What is needed is every line from the one holding "案》等应急预案、《触电事件应" to the last line of the data below, printed exactly and without pictures.

# [Data for analysis]
---*---
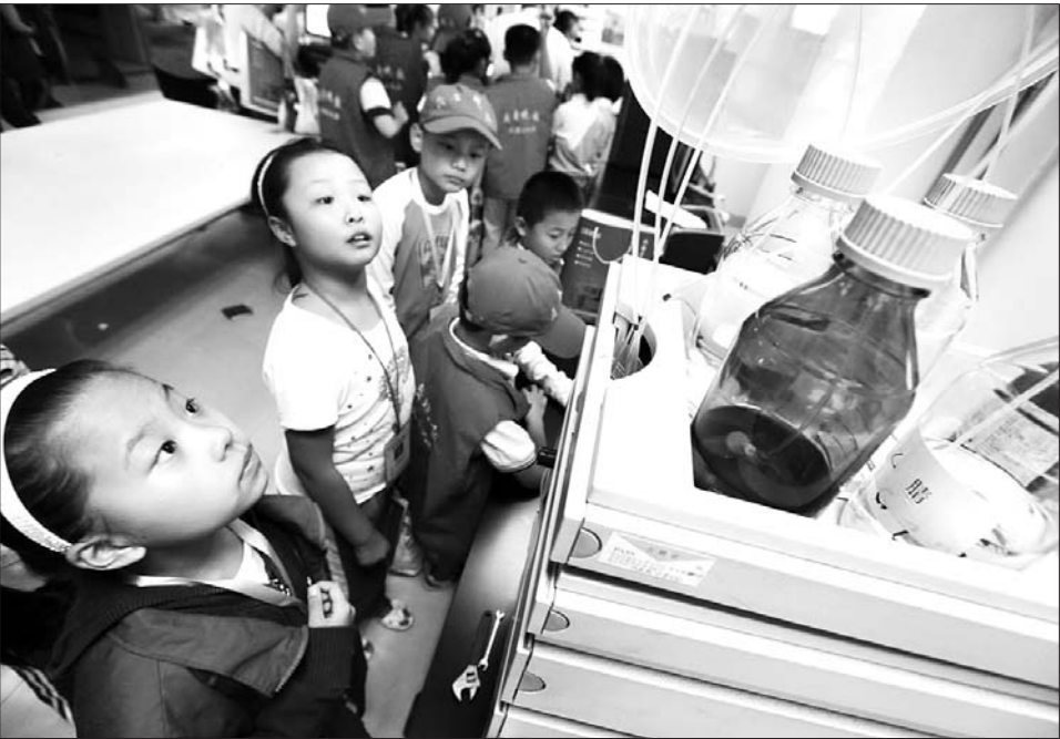
济宁检验检疫局实验室仪器(资料图)。

济宁市科技局等部门在此基础上,出台了《济宁市大型科学仪器设备共享服务管理办法(试行)》,济宁市在省补贴的基础上进行配套政策补贴,补贴金额为检测费用的20%,补贴以“科技创新券”的形式兑现,每年
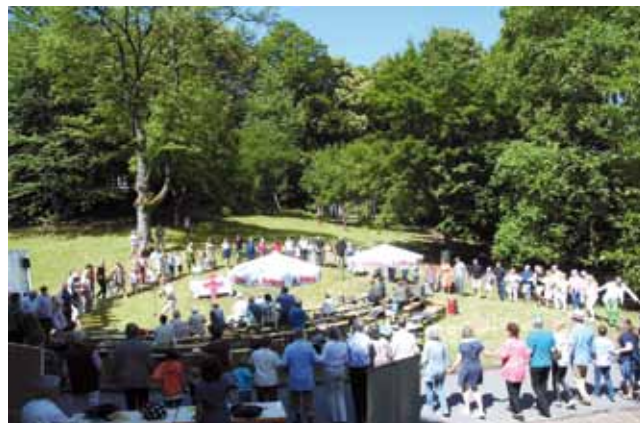
Na sowas, ein Tanz beim Gottesdienst!
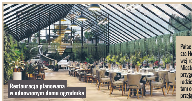
Restauracja planowana w odnowionym domu ogrodnika
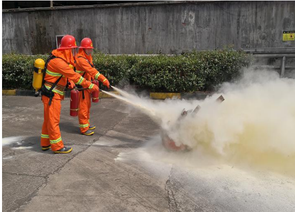
图 6.3-01 消防演练现场

案》等应急预案、《触电事件应急预案》、《重大设备故障应急预案》等应急处置方案等，对火灾、机械、触电等均有相应的应急措施，并成立了应急指挥中心和应急救援专业组。
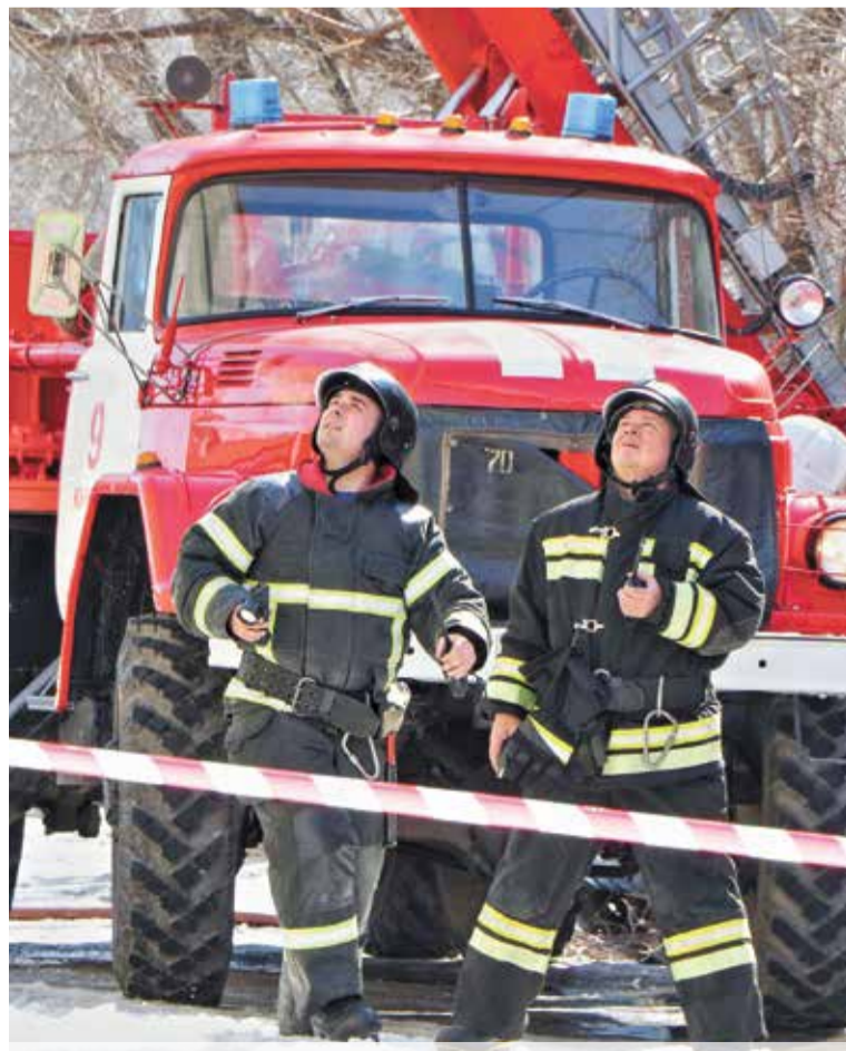
Задачей пожарных было не допустить огонь на крышу здания
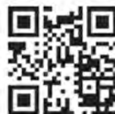
香取市ホームページ
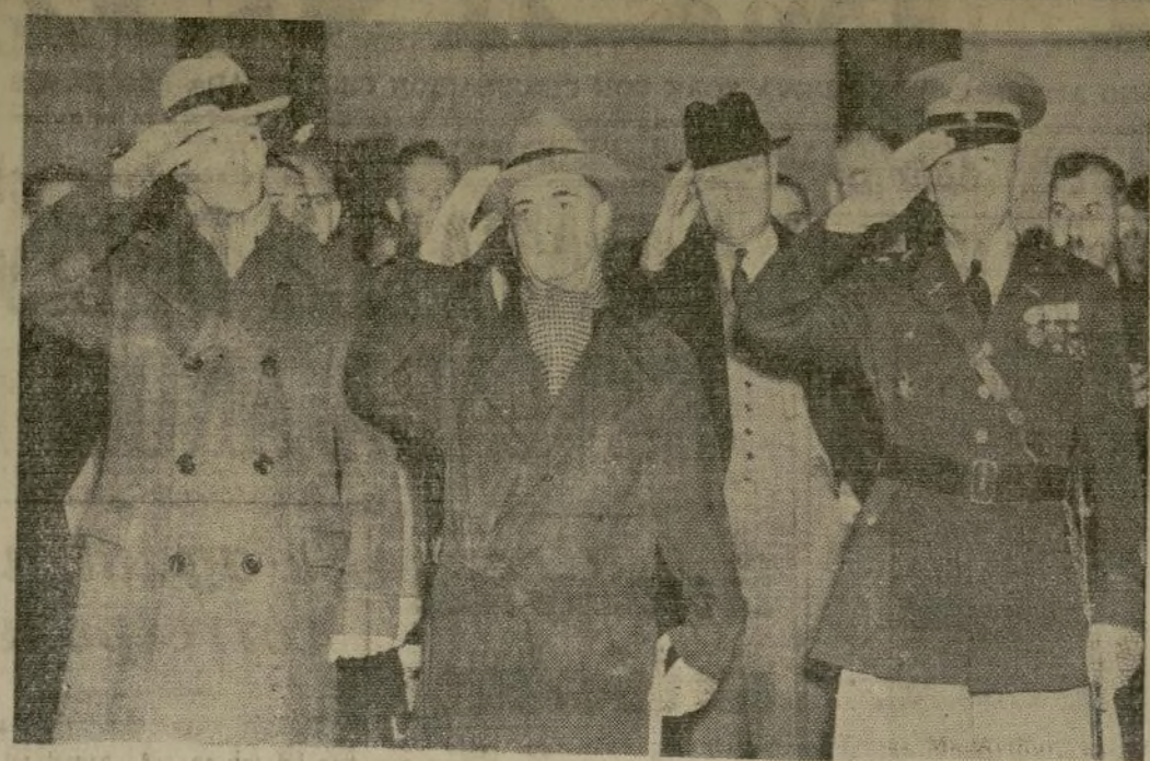
El presidente Manuel Quezón (centro), acompañado del general Douglas MacArthur, ex-jefe del Estado Mayor del Ejército de los Estados Unidos y hoy director del programa de defensa de las Filipinas, corresponde al saludo de 19 cañonazos disparado en el Fuerte MacArthur a su llegada a Los Angeles. A su derecha está el teniente coronel C. M. Thiele, comandante del fuerte.
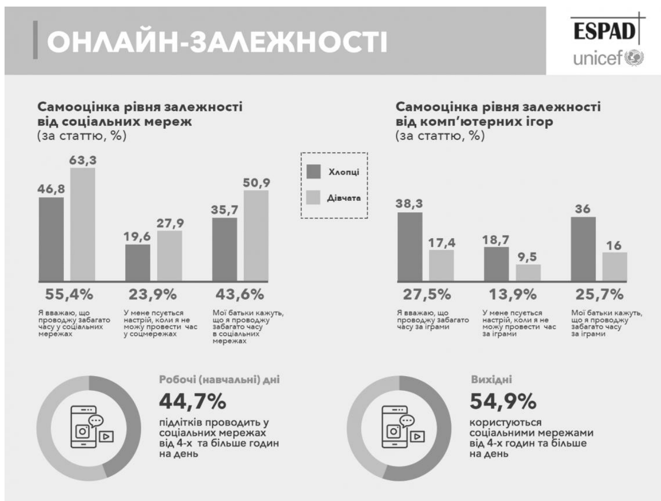
Рисунок 2.1. – Графік онлайн-залежності Unicef.

З кожним км діти все більше прив'язуються до соціальних мереж і це становиться їх життям, їм легше та простіше спілкуватись у соціальних мережах ніж особисто у реальному житті, але у всього є свої негативні сторони кібербулінг є однією з цих сторін, а також залежність яка все швидше набирає обертів малюнок 2.1. [69]
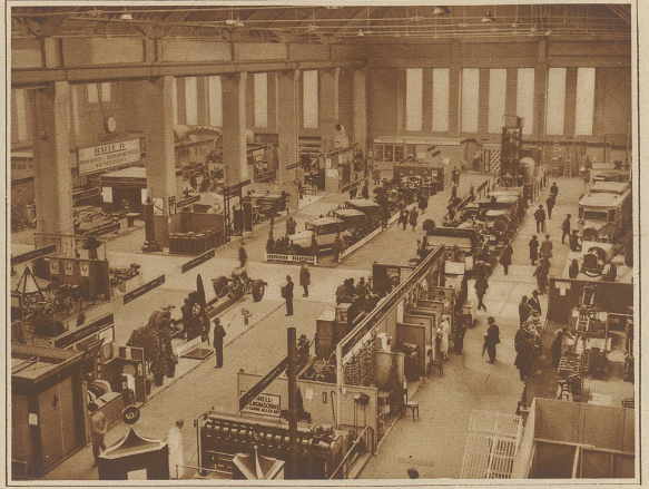
Blick in die Maschinenhalle
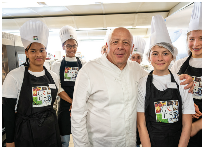
Thierry Marx et les candidats du concours Gastro'Mômes.
---*---
# [Response area]
案》等应急预案、《触电事件应急预案》、《重大设备故障应急预案》等应急处置方案等，对火灾、机械、触电等均有相应的应急措施，并成立了应急指挥中心和应急救援专业组。
Задачей пожарных было не допустить огонь на крышу здания
香取市ホームページ
El presidente Manuel Quezón (centro), acompañado del general Douglas MacArthur, ex-jefe del Estado Mayor del Ejército de los Estados Unidos y hoy director del programa de defensa de las Filipinas, corresponde al saludo de 19 cañonazos disparado en el Fuerte MacArthur a su llegada a Los Angeles. A su derecha está el teniente coronel C. M. Thiele, comandante del fuerte.
Рисунок 2.1. – Графік онлайн-залежності Unicef.

З кожним км діти все більше прив'язуються до соціальних мереж і це становиться їх життям, їм легше та простіше спілкуватись у соціальних мережах ніж особисто у реальному житті, але у всього є свої негативні сторони кібербулінг є однією з цих сторін, а також залежність яка все швидше набирає обертів малюнок 2.1. [69]
Blick in die Maschinenhalle
Thierry Marx et les candidats du concours Gastro'Mômes.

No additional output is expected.